On Fri, 2011-07-15 at 07:36 -0700, Paul E. McKenney wrote:
> On Fri, Jul 15, 2011 at 03:07:39PM +0200, Peter Zijlstra wrote:
> > On Fri, 2011-07-15 at 05:42 -0700, Paul E. McKenney wrote:
> > > On Fri, Jul 15, 2011 at 01:29:22PM +0200, Peter Zijlstra wrote:
> > > > On Fri, 2011-07-15 at 07:05 -0400, Ed Tomlinson wrote:
> > > > > Jul 14 23:21:18 grover kernel: [  920.659426] -> #1 (rcu_node_level_0){..-...}:
> > > > > Jul 14 23:21:18 grover kernel: [  920.659426]        [<ffffffff8108b7e5>] lock_acquire+0x95/0x140
> > > > > Jul 14 23:21:18 grover kernel: [  920.659426]        [<ffffffff8157808b>] _raw_spin_lock+0x3b/0x50
> > > > > Jul 14 23:21:18 grover kernel: [  920.659426]        [<ffffffff810ba797>] __rcu_read_unlock+0x197/0x2d0
> 
> Yow...  Looks like rcu_read_unlock_special() is being inlined
> into __rcu_read_unlock().

Yeah, *cheer* for gcc being a smarty-pants.

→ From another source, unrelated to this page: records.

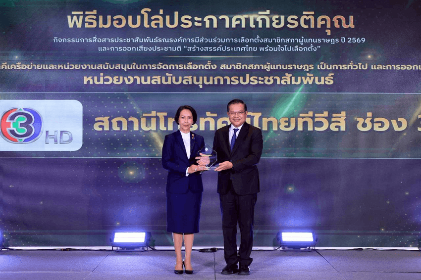 ช่อง 3 รับรางวัล เชิดชูเกียรติ ผู้สนับสนุนการจัดการเลือกตั้ง ปี 2569
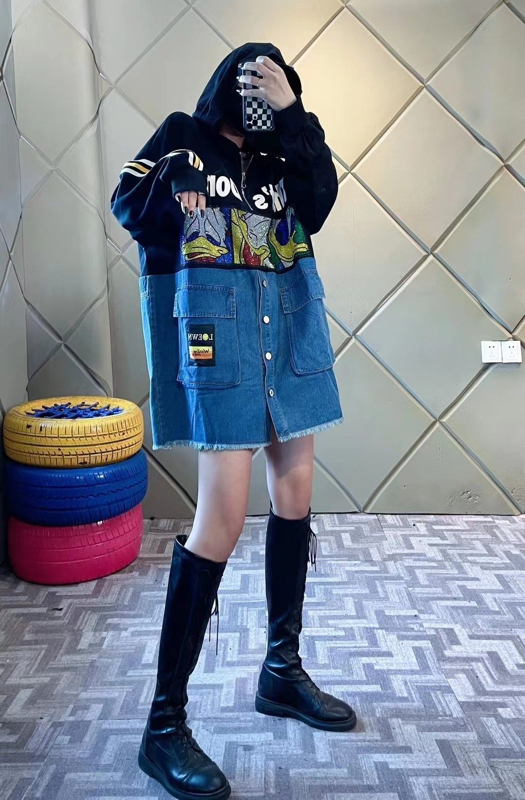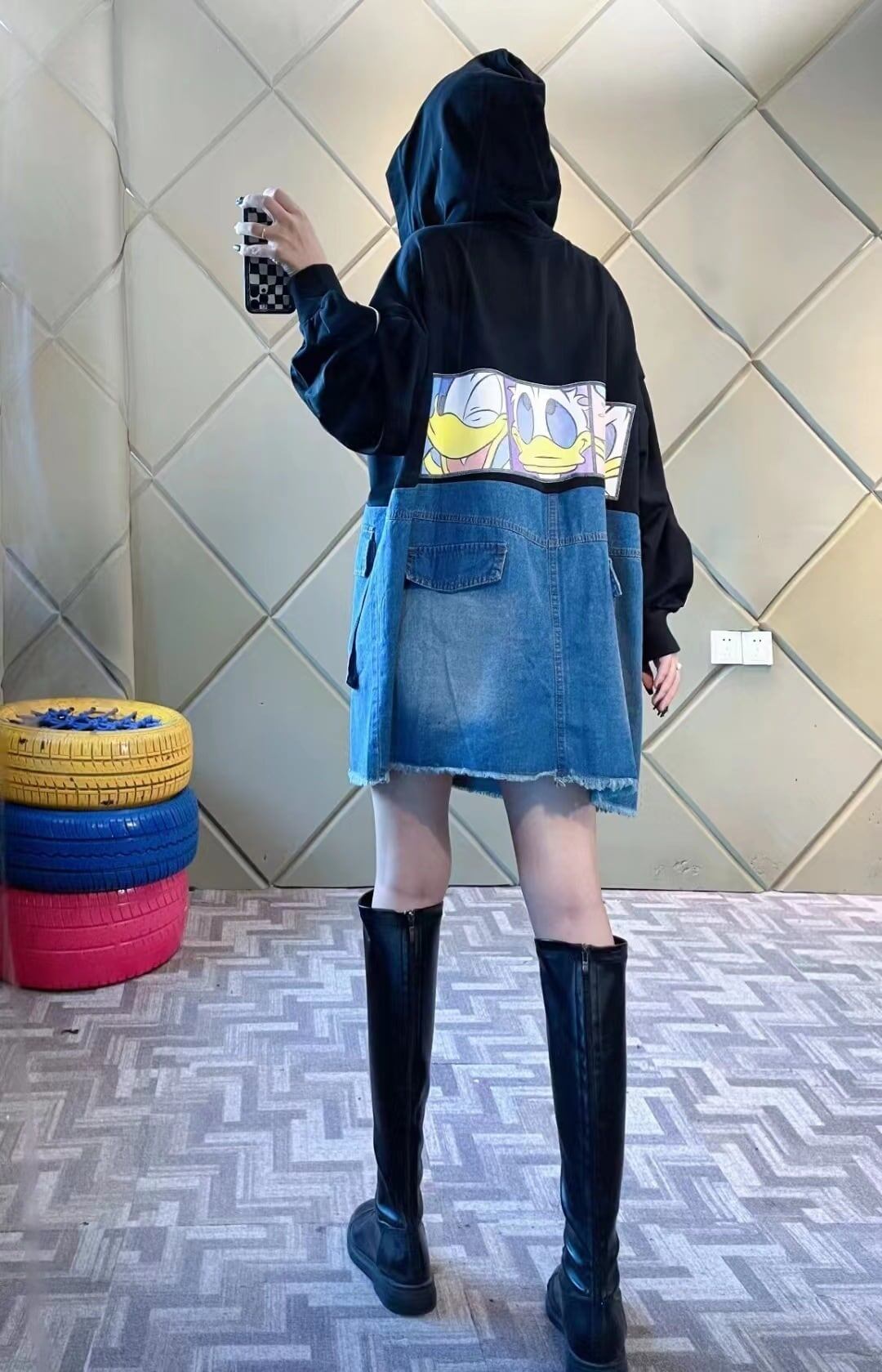 2023秋の新漫画ホットダイヤモンドステッチデニムフード付きセーター<ins-5176>
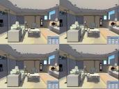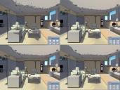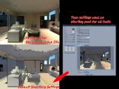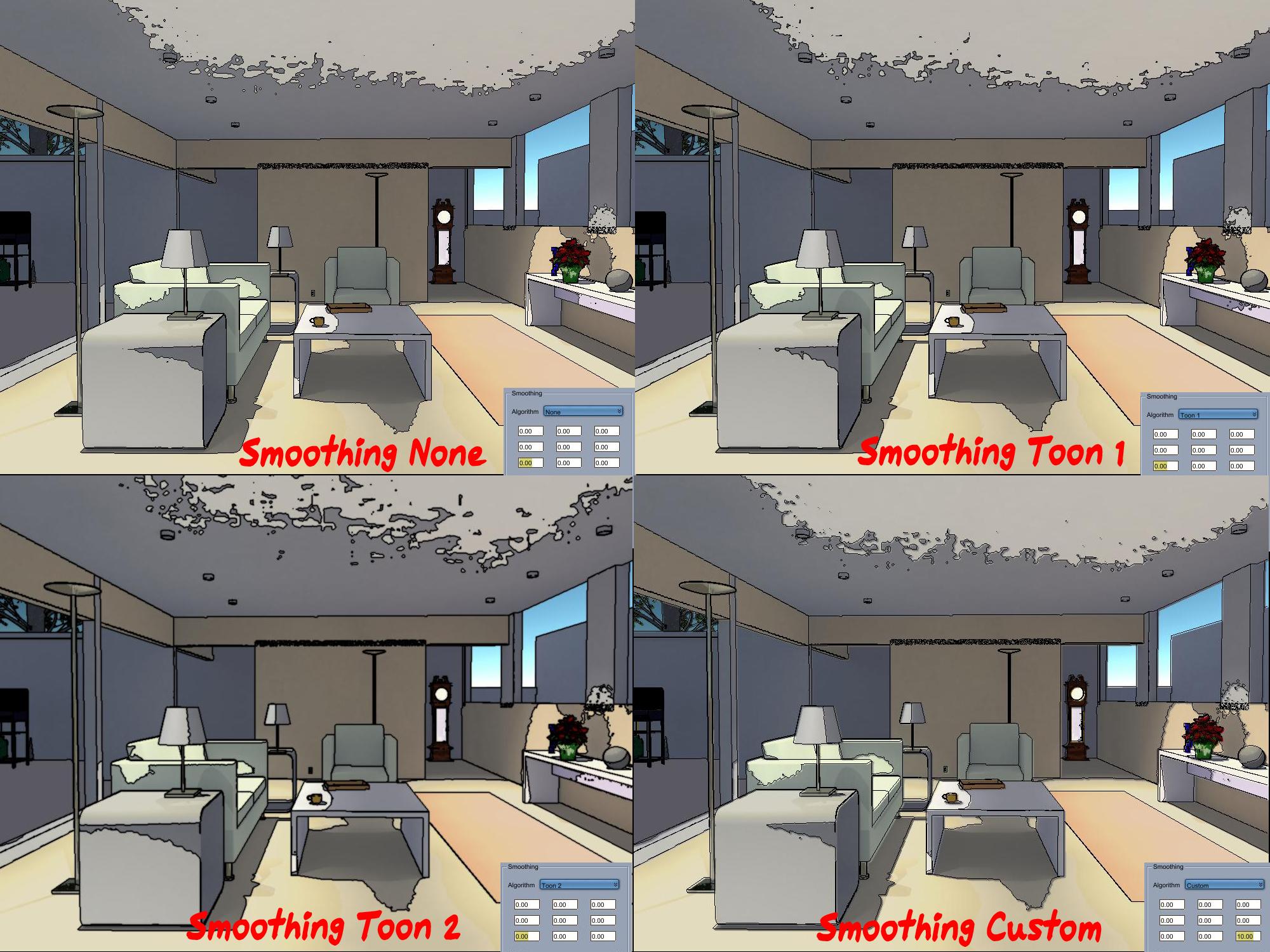 Then I saved out a series of scenes, changing only the smoothing settings for each and did a batch render of them.  The first three are the presets (None, Toon 1, and Toon 2) and in the remainder use custom settings where I set each of the boxes to a high value and left the rest at 0.00. Even with the settings at such a high number the differences can be subtle - with the images at full size, look at the shadows on the ceiling, on the floor in the middle and under the table on the right wall to see some of the differences.
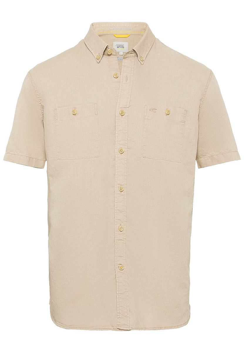 Dieses camel active Kurzarmhemd ist ein attraktives und vielseitiges Oberteil für Herren, das im Frühjahr und Sommer angenehm die Haut kühlt. Mit diesem eleganten Hemd bist Du in Beruf und Freizeit ausgezeichnet angezogen. Das Herrenhemd aus einem sommerlichen Mix aus 55 Prozent Leinen und 45 Prozent Baumwolle bietet Dir die besten Trageeigenschaften. Das camel active Kurzarmhemd verfügt über einen klassischen Button-Down-Kragen, eine Knopfleiste und zwei Brusttaschen mit Knöpfen in einer Kontrastfarbe. Das Herrenhemd der Marke camel active ist gewohnt hochwertig verarbeitet. Ein Logo von camel active ist auf der linken Brusttasche diskret sichtbar eingestickt.
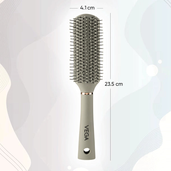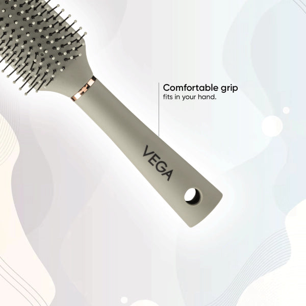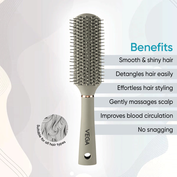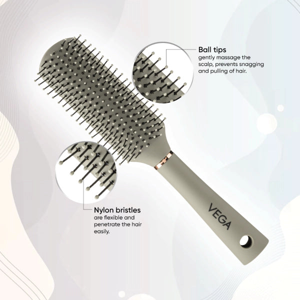बालों के लिए वेगा फ्लैट ब्रश सभी बालों की लंबाई और बनावट को चिकना करता है ताकि आपकी दैनिक हेयर स्टाइलिंग की ज़रूरतों को पूरा किया जा सके। वेगा फ्लैट ब्रश के साथ बालों में आसानी से वॉल्यूम जोड़ें जिसमें बॉल टिप्ड नायलॉन ब्रिसल्स हैं जो धीरे से स्कैल्प की मालिश करते हैं, उलझन को सुलझाते हैं और जड़ों को ऊपर उठाते हैं। हेयर ब्रश सभी प्रकार के बालों के लिए उपयुक्त हैं।
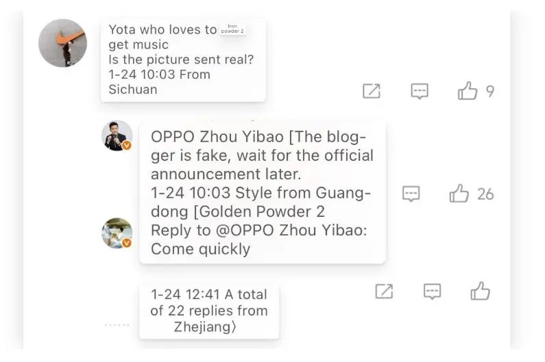 OPPO’s product manager, Zhou Yibo, responded strongly on Weibo, saying: “The blogger is fake. Please wait for the official announcement.” This statement suggests that the leaked renders are either incorrect or contain misleading details.
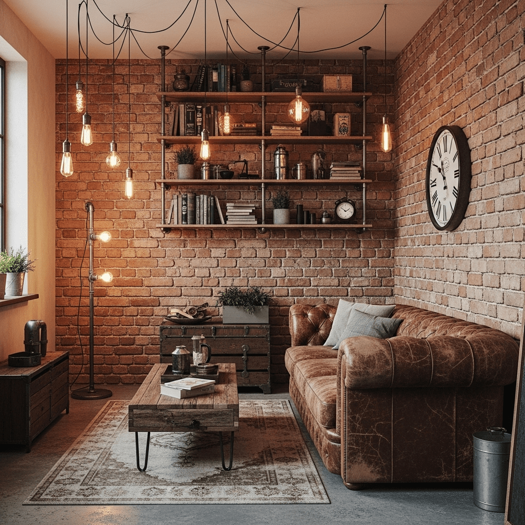 Pair exposed brick or metal shelving with vintage leather chairs and antique accessories. Add Edison bulbs and metal fixtures. The industrial-vintage fusion creates urban eclectic character.

> > > > > Jul 14 23:21:18 grover kernel: [  920.659426]        [<ffffffff8103f2f5>] select_task_rq_fair+0x585/0xa80
> > > > > Jul 14 23:21:18 grover kernel: [  920.659426]        [<ffffffff8104633b>] try_to_wake_up+0x17b/0x360
> > > > > Jul 14 23:21:18 grover kernel: [  920.659426]        [<ffffffff81046575>] wake_up_process+0x15/0x20
> > > > > Jul 14 23:21:18 grover kernel: [  920.659426]        [<ffffffff810528f4>] irq_exit+0xb4/0x100
> 
> OK, so all the above stuff is in the context of an irq handler, right?

yep

> In which case, why didn't the in_irq() check kick us out before we
> had a chance to attempt to acquire any locks?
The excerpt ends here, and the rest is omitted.